Logo
Bar
 
Overhead Power Lines Impact Residential Sales
News Release No. 16, February 1999

 

College Station – Do overhead power lines impact the values of residential homes? Ask a buyer, a seller and an appraiser and receive three different answers. Should their opinions enter the thought process of a prospective buyer or seller of a home that is near or under power lines?

"A Minnesota survey of four defined groups (homeowners of property with overhead power lines, sellers of property with overhead power lines, buyers of property near overhead power lines and residential appraisers), showed 51 percent of homeowners with overhead power lines did not consider the high voltage power lines or towers at the time of purchase," says Ted C. Jones in a recent issue of Tierra Grande magazine, a journal of the Real Estate Center at Texas A&M University.

According to Jones, one-third of the respondents lowered their offering price. The average reduction was 4.1 percent, based on an average purchase price of $135,629. Almost two-thirds said the power lines did not enter into their offering price decision.

According to the study, 50 percent of those that sold a home with overhead power lines said the property’s market value was adversely affected. Two-thirds of the sellers indicated that a longer market time was required for the property to sell.

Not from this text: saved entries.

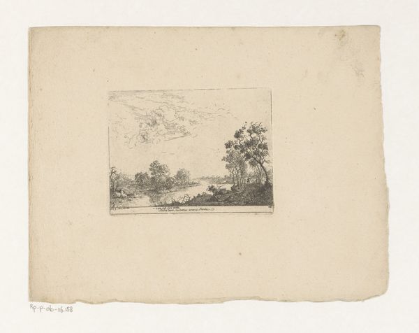 Editor: So, here we have Christian Ludwig von Hagedorn’s "Landschap met boerderijen aan het water," created in 1743 with ink on paper. It’s a detailed little landscape. What's striking is how quiet and pastoral it feels despite being so meticulously rendered. What catches your eye in this piece? Curator: As a historian, what stands out to me is the deliberate construction of an idyllic scene, one divorced from the realities of 18th-century rural life. Think about the patrons who would have enjoyed this. Does it seem likely they had direct connection to the toils of countryside farming? Editor: Not really. It’s like a curated view of peasant life. A sanitized version. Curator: Precisely. This reflects a particular social gaze. Landscapes like these weren't just pretty pictures; they played a role in shaping perceptions of the countryside, even justifying certain social hierarchies. Who controlled land, who worked it – that's subtly embedded here. Does this change the quiet mood you first observed? Editor: It does, a bit. It makes me think about who is absent in the scene. There's labour involved but we don't really see it. Curator: Exactly! Now consider where this drawing might have been displayed - in a wealthy collector's cabinet, perhaps? Its reception is shaped by that private, elite space. Editor: So the act of observing this drawing today in a museum is loaded with socio-political context! I didn't quite register that before. Curator: And that realization is exactly the sort of engagement such landscapes demand!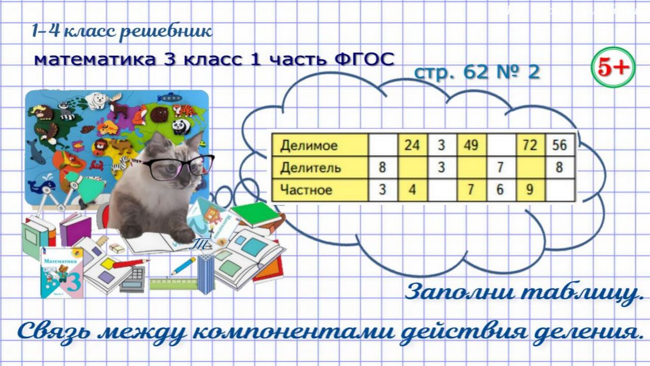 Заполни таблицу. Взаимосвязь между компонентами действия деления. Таблица умножения и деления. Как найти неизвестное делимое? Как найти неизвестный делитель? Страница 62 номер 2 математика 3 класс 1 часть Моро 2023 г. ФГОС гдз Если нашли ошибку, напишите, пожалуйста, в комментариях. Сайт с текстовым содержанием: https://dzen.ru/id/650204661aba9b0ba4b2643e #обучениематематике#математика3класс1частьстр62номер2#заполнитаблицу#взаимосвязьмеждукомпонентамидействияделения#какнайтинеизвестноеделимое#какнайтинеизвестныйделитель#таблицаумноженияиделения#математика3класс1частьФГОС#математика3кл1чФГОС#математика3класс1частьморо2023#обучениедетей#длядетей#решебникматематика3класс#гдзматематика3класс#начальныеклассы#1-4классрешебник+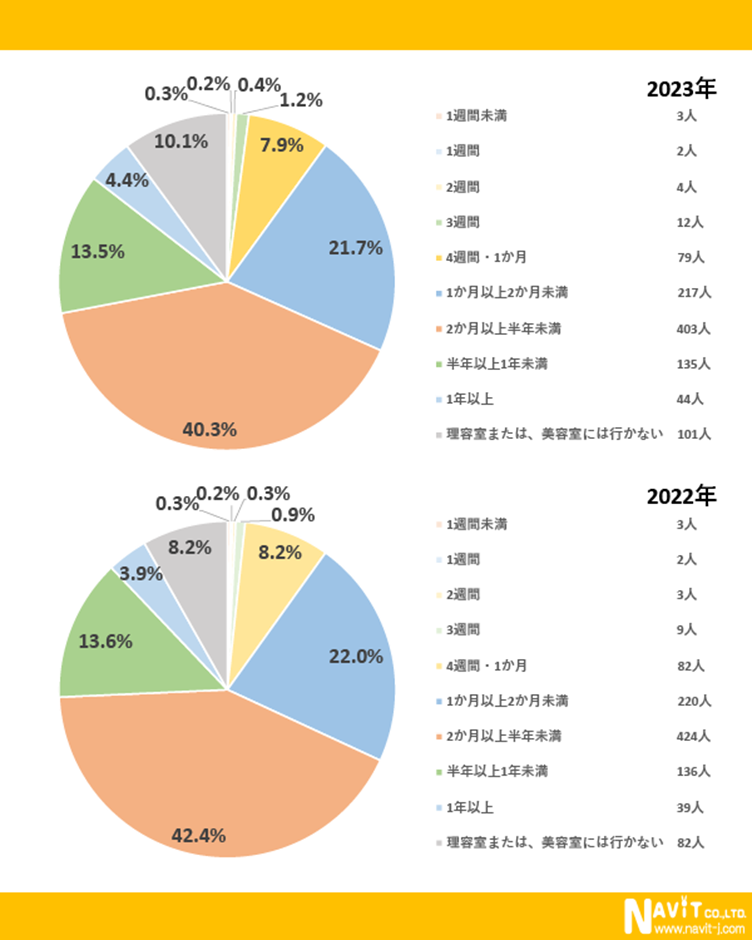 昨年度の42.4%より2.1%減少しましたが、美容室に通う頻度は「2ヶ月以上半年未満」が40.3%で一番多かったです。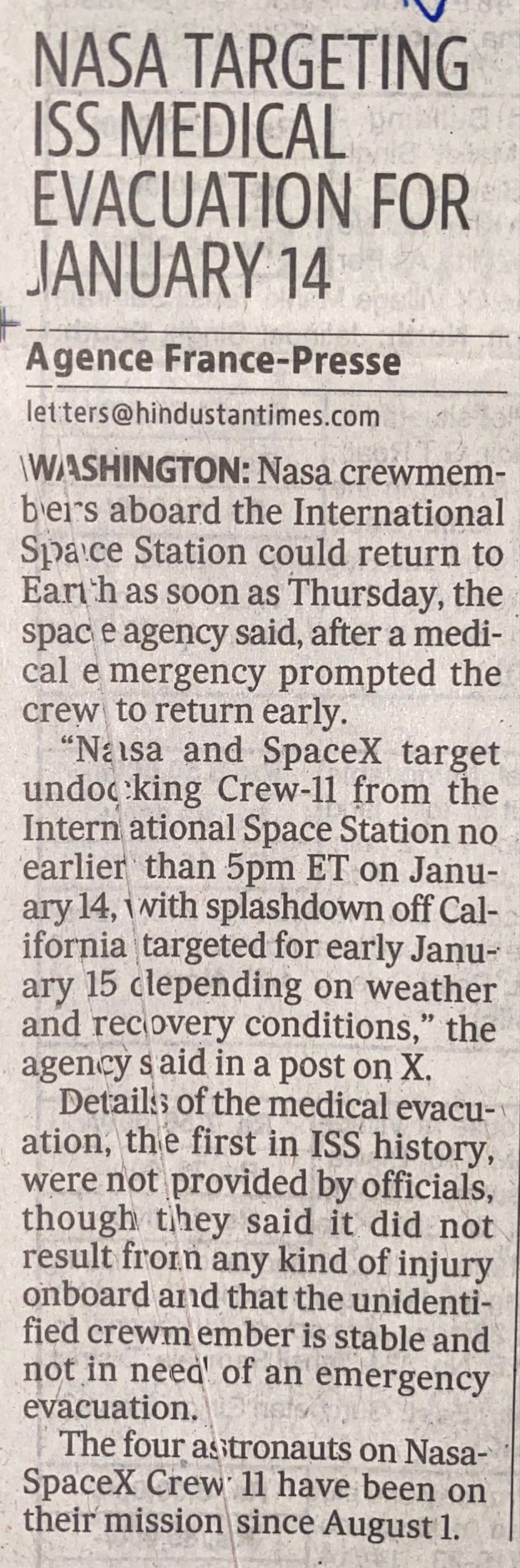 http://localhost:8080/xmlui/handle/123456789/7896| Title: | Nasa Targeting ISS Medical Evacuation For January 14 |
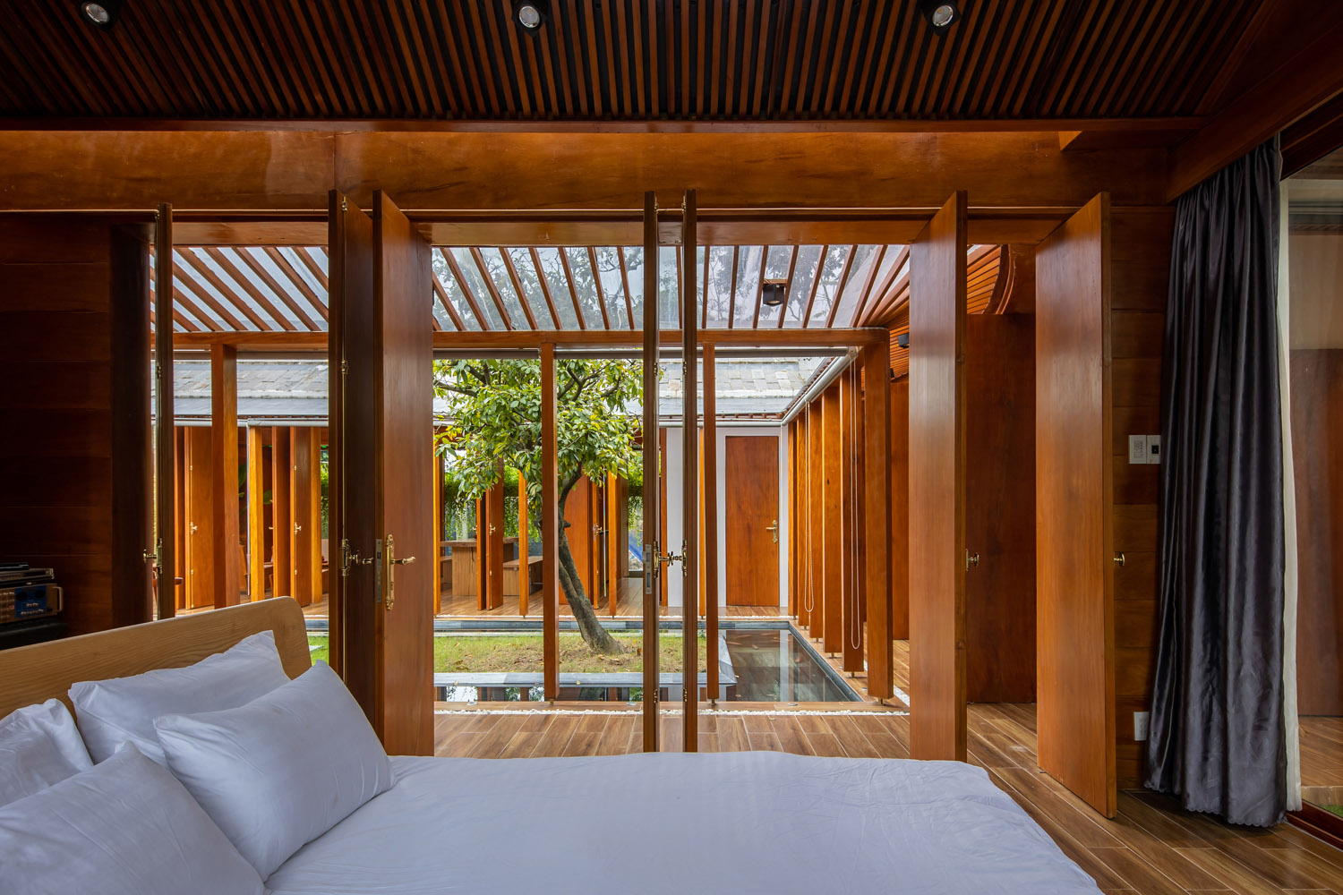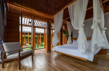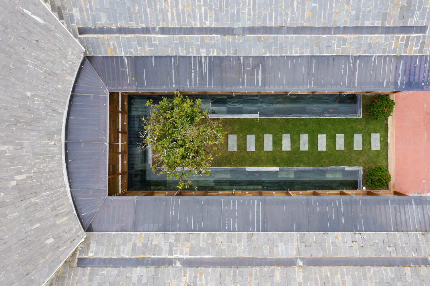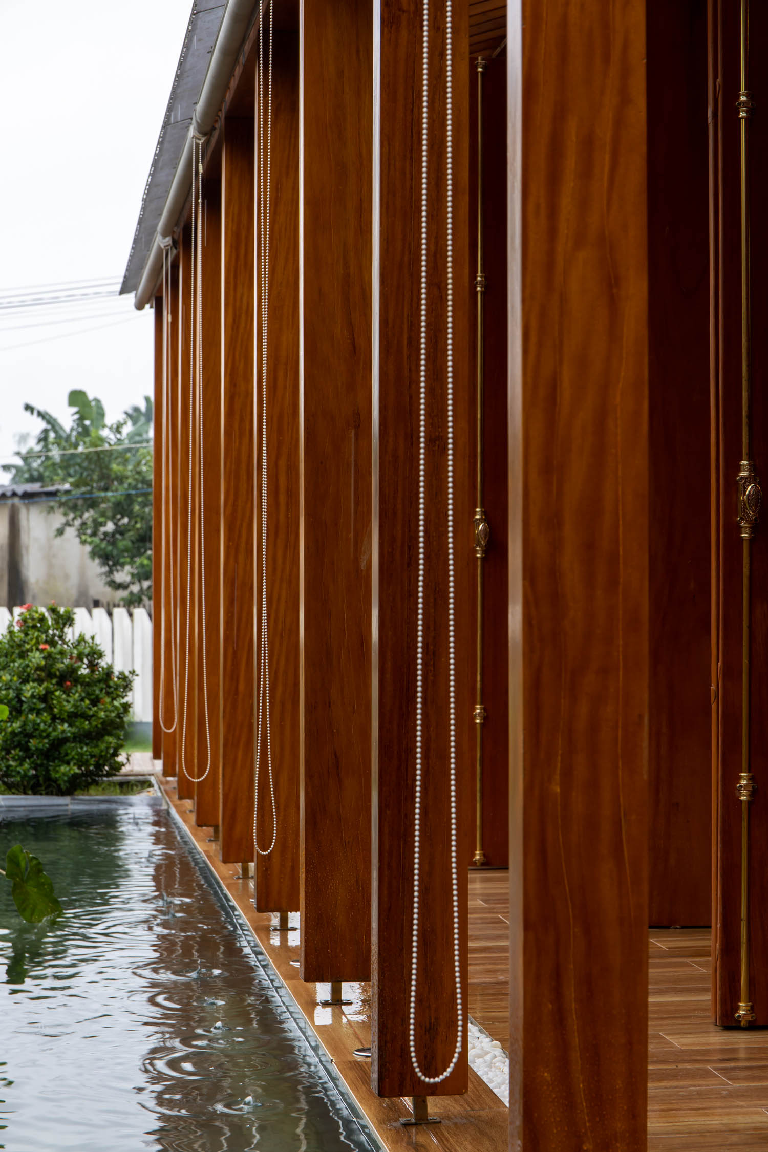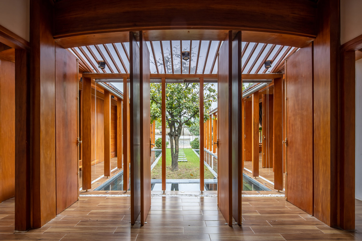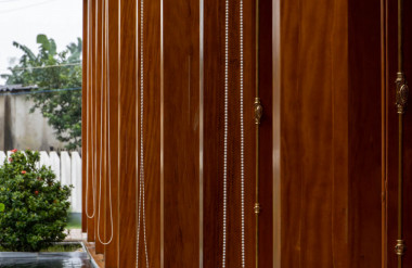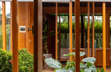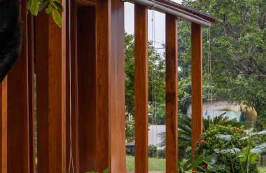 Kết hợp những vật liệu bền vững như bê tông cốt thép chịu lực, lợp mái đá tự nhiên, sử dụng gỗ mít ta để làm tường bao che, vách lam che nắng, vách gỗ, trần đóng gỗ keo vàng , đặc biệt đội ngũ KTS hạn chế xây tường và sử dụng 50 bộ cửa bức bàn , hàng hiên bọc quanh hồ nước trung tâm giúp kết nối các không gian chặt chẽ.

"Half of homeowners near overhead power lines did not consider homes with overhead power lines," says Jones, vice president and chief economist with Stewart Title Guaranty Company.

"Forty-four percent said they would have lowered their offering by an average of 7.6 percent if the home they had purchased had been within 200 yards of overhead power lines."

More than 83 percent of residential appraisers indicate a negative influence on property market value arising from the lines, with an estimated average of 4.1 percent reduction in value for homes with high-voltage overhead power lines. Each respondent appraised an average of 54 residential properties near overhead power lines. A similar 84 percent indicate an average 62 days longer marketing period for residential homes affected by power lines.

Researchers at St. Cloud State University found that all groups acknowledge a negative impact of power lines on residential values. Homeowners near power lines and appraisers alike conclude 4.1 percent average negative impact.